Google today dedicates a beautiful doodle to Laudelina de Campos Melo, an Afro-Brazilian activist, rich organizer and community worker. She turns 116 today.
Laudelina de Campos Melo was born on October 12, 1904 in Poços de Caldas, Minas Gerais, Brazil to Sidônia and Marco Aurélio. Her mother was a domestic worker and her father worked as a lumberjack. Her parents had been born to slaves, but under the terms of the Rio Branco Law, which passed in 1871, they were granted their freedom at birth, though their parents remained in bondage.
Laudelina de Campos Melo quit her school after losing her father in a tree-felling accident to care for her five younger siblings so that her mother could work full time in a hotel. She worked in various black cultural organizations to improve her community even when she was a teenager. In the process, she witnessed firsthand the racism, poor working conditions, and exploitation faced by so many workers, including her own mother — an experience that inspired her fight for change.
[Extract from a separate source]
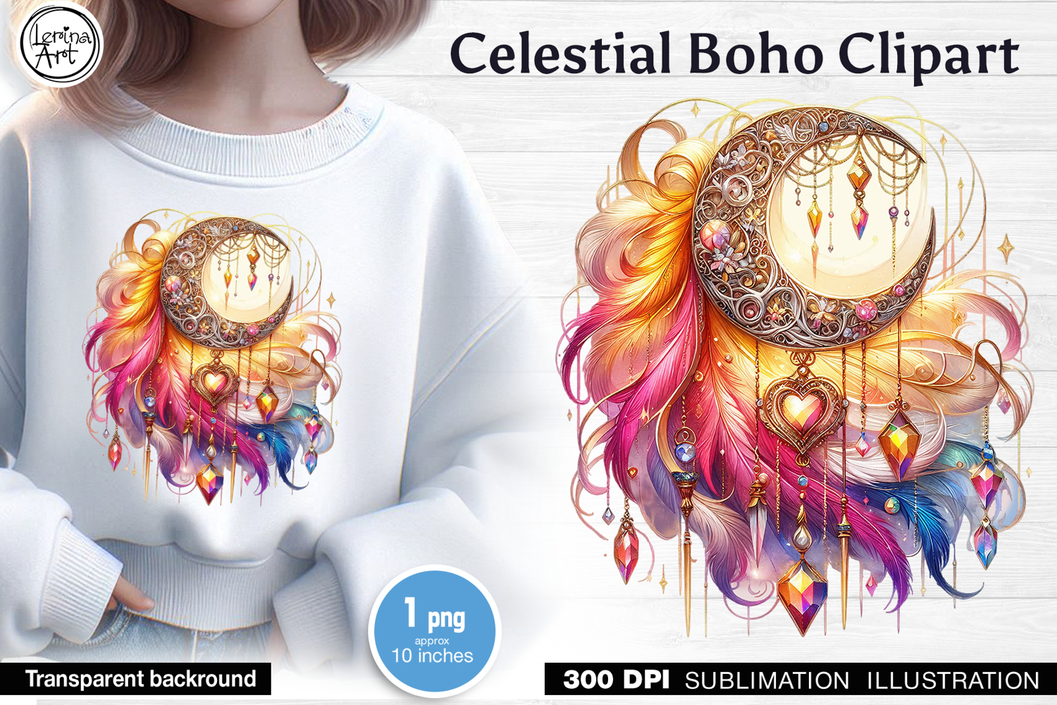 Celestial Boho Sublimation, print design PNG

In 1920, Laudelina de Campos Melo was elected president of a cultural group, Clube 13 de Maio, which focused on political activism and recreational activities. She married a stone mason, Henrique Geremias in 1924. He was from Rio de Janeiro. She became politically active, joining the Communist Party of Brazil, the Frente Negra Brasileira (Black Brazilian Front), and the black cultural organization Saudades de Campinas. They remained in São Paulo, where their two children were born, until 1932, when they relocated to Santos.
Laudelina de Campos Melo’s activism focused on reducing racial prejudice and undervaluing the labor of working women. Around 1936, she founded the Associação Beneficente das Domésticas de Santos (Santos Domestic Laborers' Association). By uniting workers in the organization, she hoped it would be a platform to improve their education on legal issues effecting them, as well as a vehicle to build a shared awareness and solidarity among women domestic workers to fight for their rights.
In 1961, Laudelina de Campos Melo founded the Associação dos Empregados Domésticos de Campinas (Association of Campinas' Domestic Laborers) to support literacy training and unionize domestic workers. She partnered with politicians like Francisco Amaral and with the progressive wing of the Catholic Church to continue pressing for the rights of domestic workers. However, she left the Association in 1968 due to conflicts within it. In 1972, domestic workers were granted the right to Social Security and yearly paid holidays.
In 1982, Laudelina de Campos Melo was called back to the Association of Domestic Workers. She helped restructure the association into an official union in 1988, under the new name of the Sindicato dos Trabalhadores Domésticos de Campinas (Union of Domestic Workers).
In 2015, Melo’s movement for justice achieved another victory: when the Brazilian government passed legislation to extend labor rights to domestic workers. She is recognized as the founder of the first domestic workers' union in Brazil and a pioneer in bringing awareness to and rights protections for domestic workers in the country. She died on 22 May 1991 in Campinas and donated her home to be used as the headquarters of the Sindicato dos Trabalhadores Domésticos.